Уже на следующий день перед нами капитулирует Даскилий, в течение двух следующих недель мы вступаем в Сарды и Эфес. Магнесия и Траллы открывают нам ворота без боя, Милет падает после недолгого сопротивления. Мы вступаем в Карию и приступаем к осаде Галикарнаса.
В первую ночь осады, ознакомив командиров со своим превосходным планом, Парменион просит меня уделить ему время.
Мне почему-то кажется, что он хочет просить об отставке. Это ужасно.
— Я недооценил тебя, Александр, — говорит заслуженный полководец. — Признаю это и прошу за это прощения. Прошу, однако, принять во внимание и то, что старому солдату, которому уже перевалило за шестьдесят, трудно вот так, сразу, признать и оценить по достоинству столь юного и неопытного вождя.
Несколько мгновений все ошеломлённо молчат. И я, и мои командиры чувствуем, что старый военачальник говорит от всего сердца.

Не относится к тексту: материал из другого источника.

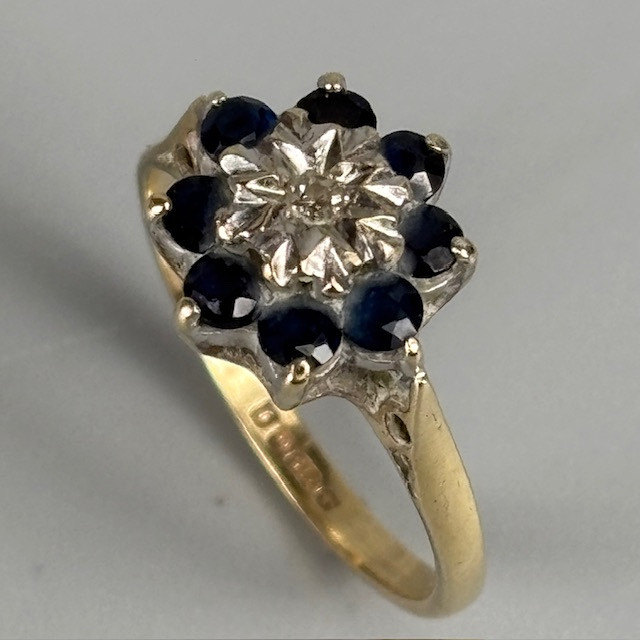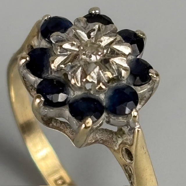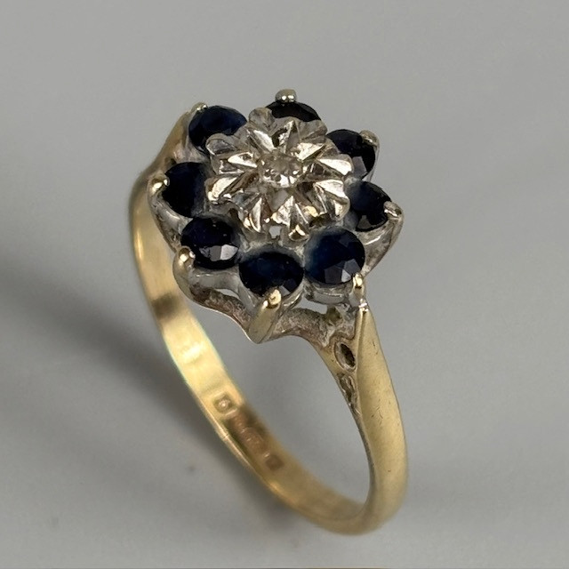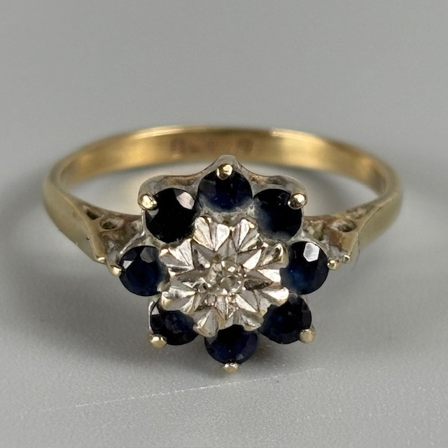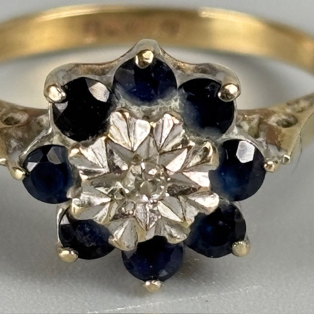 5007721. 9KT GULD SAFIR OG DIAMANT RING.

— Прости меня за то, что я, как это свойственно людям пожилым, советовал тебе проявить осторожность и осмотрительность. Советы мои были не так уж плохи, но лишь в отношении обычного человека. Теперь же для меня очевидно, что к тебе нельзя подходить с теми же мерками, что к другим. До недавнего времени я считал величайшим полководцем на свете твоего отца, однако, наблюдая за тобой все эти месяцы, пришёл к выводу, что своими дарованиями ты безмерно его превосходишь. Ты знаешь, что служить тебе я согласился с неохотой, чему способствовали и некоторые обстоятельства твоего воцарения.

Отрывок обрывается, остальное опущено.